Die Bewegung sollte sich eher wie ein athletischer Lauf auf der Stelle anfühlen als wie ein großer Sprung. Bei jeder Wiederholung wird ein Knie nach oben gezogen, während der gegenüberliegende Arm nach vorne schwingt, dann wechseln die Beine schnell unter der Hüfte. Halte den Brustkorb aufrecht, die Rippen über dem Becken gestapelt und lande sanft, damit die Übung federnd bleibt und nicht laut oder schwerfällig wirkt.
Dieser Aufbau ist wichtig, da die Übung effiziente Mechaniken belohnt. Wenn du dich zurücklehnst, mit dem Fuß zu weit nach vorne greifst oder die Arme über den Körper schwingst, wird die Übung zu einem unsauberen Hüpfen und die Knie sowie Waden müssen zusätzliche Arbeit leisten. Ein sauberes Push-To-Run-Muster hält den Rumpf stabil, während Hüften, Knöchel und Arme sich die Arbeitslast teilen.

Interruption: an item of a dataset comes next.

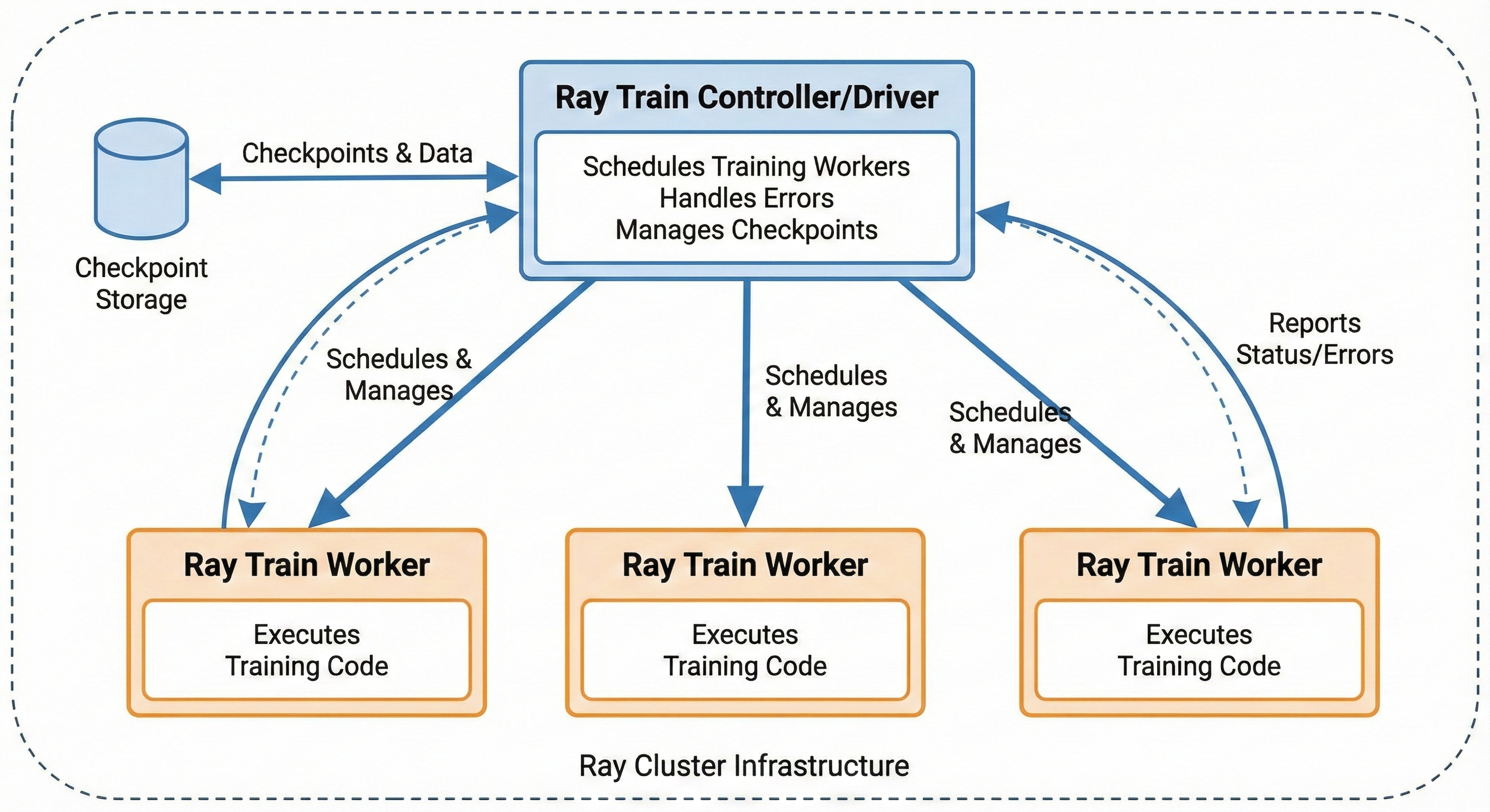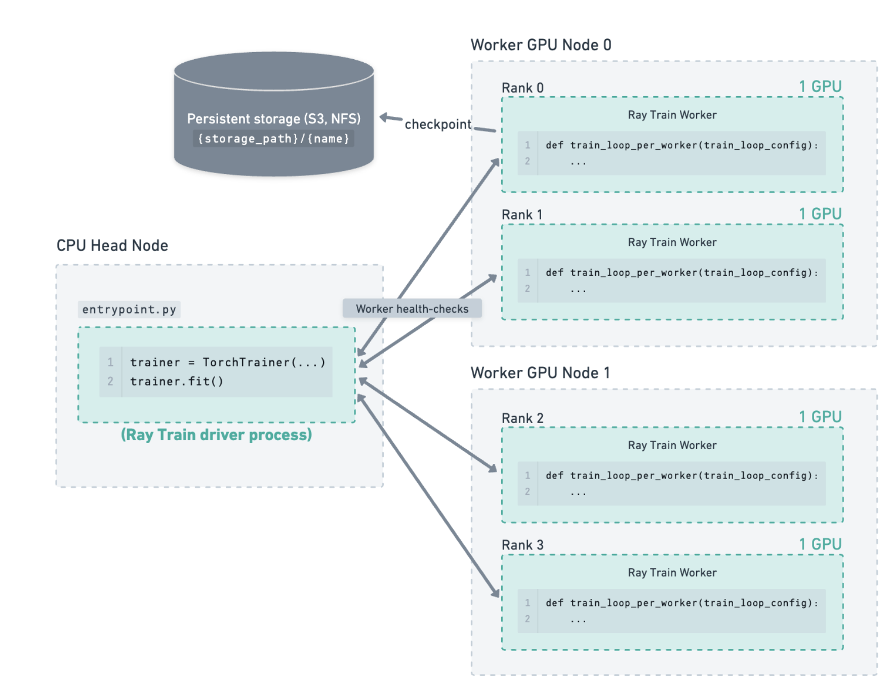 model = ray.train.torch.prepare_model(model, parallel_strategy="fsdp")4. Configure Run Checkpointing and Storage

Nutze sie als Teil eines Aufwärmprogramms, zur Vorbereitung auf Sprints, in einem Konditionszirkel oder als Cardio-Block ohne viel Ausrüstung. Anfänger können den Kniehub verkürzen und das Tempo reduzieren, um die Bewegung präzise zu halten. Fortgeschrittene Athleten können die Trittfrequenz erhöhen, aber nur solange der Fußaufsatz leicht bleibt und der Rumpf stabil bleibt. Wenn die Kontakte laut werden oder der Rumpf anfängt sich zu verdrehen, ist die Übung für das aktuelle Kontrollniveau zu schnell.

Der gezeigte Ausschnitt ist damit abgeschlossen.